Values, needs and beneficial knowledge

Here is an initial proposal for a possible purpose: Knowledge for the good. Knowledge has always been at the center of the Jewish experience, and it is no less important to the ethos of Israeli society and its various sectors. Knowledge is the mobilizing factor for progress in society, and we so much like to take pride in being a start-up superpower.

 

Israel needs a foreign policy based on a purpose that integrates values and needs, and better knowledge can fulfill this purpose, thereby generating a new policy framework. It comes from within us and radiates outwards, to the world; it reflects an inner world of values, but one that is relevant and projected to the world. It also connects us to the democratic states to which we aspire to belong.

 

Knowledge can be a vital lever for policy on regional aid, forming the basis for regional and global cooperation. It is clear that technological know-how is needed to in order to transform the vast natural resources in our region, including the gas reserves discovered off Israel's coast, into sources for well-being. Technological knowledge is also required in order to transform natural resources in environmentally friendly ways. Knowledge, then, is a major crossroads for cooperation that can drive the processes of conflict resolution.

 

But knowledge does not only mean better technical knowledge, but also as part of the social infrastructure, as fruit of the tree of knowledge of good and evil. A deep perception of knowledge such as this opposes its cynical use, as, for example, did the State of Israel with its aid policy for African countries in the 1960s. In that instance, technological, medical and defense know-how were mainly employed to strengthen ties with local elites. This short-term policy hurt national interests when the political elites were replaced with other elites, or when there was a broader regime change. Thus, cooperation with South Africa, based on tech knowledge and a convergence of interests, was transformed with the collapse of the Apartheid regime and became an albatross around the neck of the State of Israel.

 

Beneficial knowledge is therefore also good and evil knowledge, and understanding this stems from the fact that we are human beings with similar needs, and we all deserve recognition and respect.

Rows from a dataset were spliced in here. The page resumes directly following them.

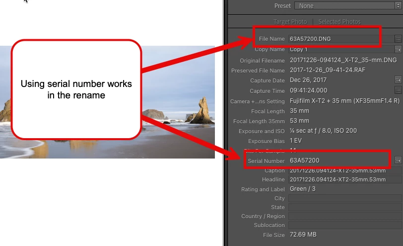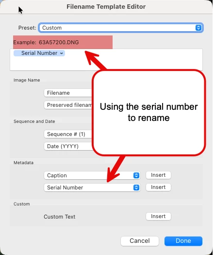 If however, I change the Renaming template to use a non-writeable field such as serial number, the rename is performed correctly. See the final screenshot for that.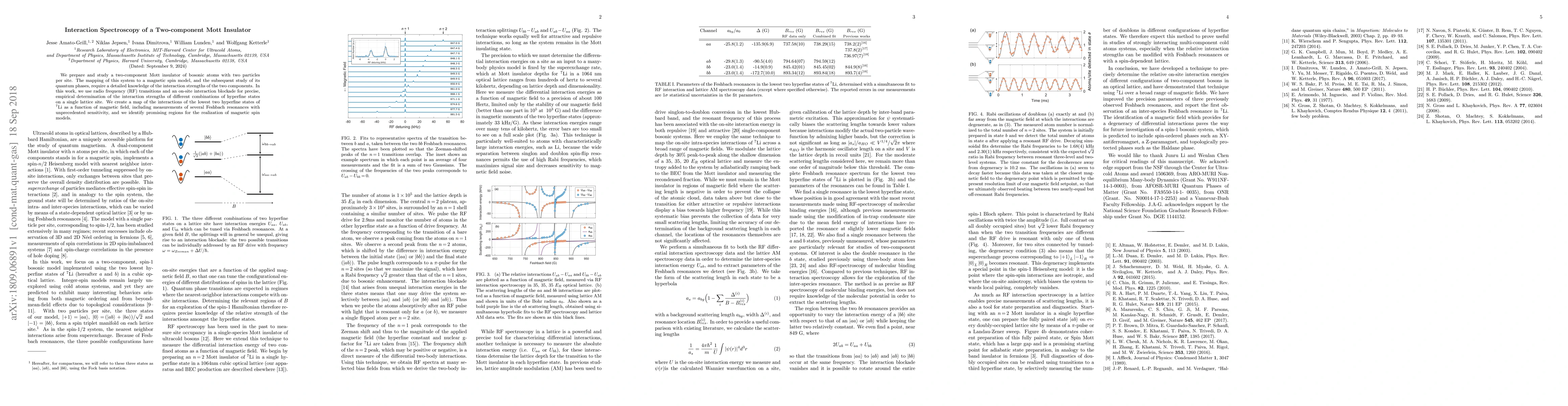 This research precisely determines the interaction strengths of a two-component Mott insulator using radio frequency transitions and interaction blockade, mapping the interactions of $^7$Li hyperfine states and identifying Feshbach resonances to explore potential magnetic spin models. The study provides detailed empirical data for understanding quantum phases in such systems.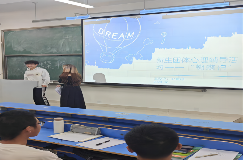 为增强新生班级凝聚力,提升学生环境适应能力和集体归属感,切实提升心理育人成效,近日,新葡萄8883官网amg在2313C教室举办“蝴蝶拍”新生主题团体心理辅导活动,学院心理工作专员毕尚美老师主持活动。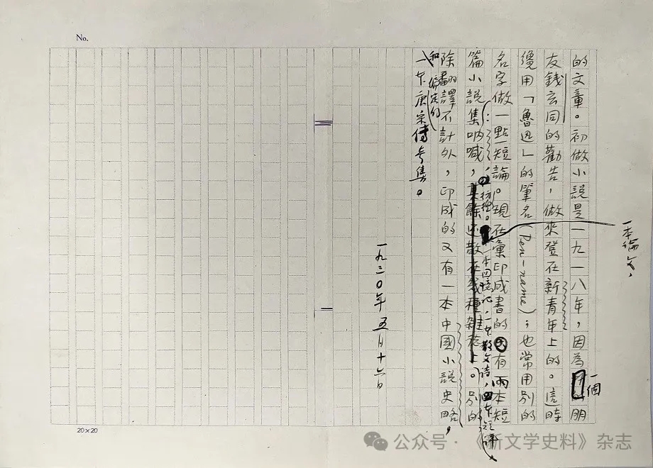 不同于用于再編的、經過修改謄寫的《南腔北調集·〈自選集〉自序》手稿,“魯迅手稿補遺一頁”是用于初次刊印的,寫作時間應即《南腔北調集·〈自選集〉自序》文末所記“一九三二年十二月十四日”。筆者翻查了此日前、后數年的魯迅文稿,檢出由柔石錄寫、魯迅題名并作改的《魯迅自傳》手稿⑥,所用稿紙和“魯迅手稿補遺一頁”相似度較高,頁面布局、紋路細節基本一致。此種《魯迅自傳》稿共三頁,一列二十格,共二十列,格線淡紫色;稿紙高19.4cm,寬27cm,頁眉左端印“NO.”,頁腳左端印“20×20”。此稿第三頁只占用了右半頁,左半為空白稿紙,為便于比較觀覽,錄末頁圖版于此,見上圖。

This is a moral perception of knowledge as inclusion not exclusion, and a lever to mutual respect rather than arrogance.

 

As such, beneficial knowledge should also form the basis of negotiations with the Palestinians, creating a dialogue based in honesty not hypocrisy, willingness not aggression; dialogue that strives for reconciliation and peace while securing the international legitimacy of the State of Israel for generations to come.

 

And another advantage: beneficial knowledge as a purpose of foreign policy will also compel us to return to ourselves and place education at our core, so that knowledge continues to define us, as well as our foreign policy.

  

Piki Ish-Shalom is the director of the Leonard Davis Institute for International relations and Associate Professor at the Department of International Relations, the Hebrew University of Jerusalem.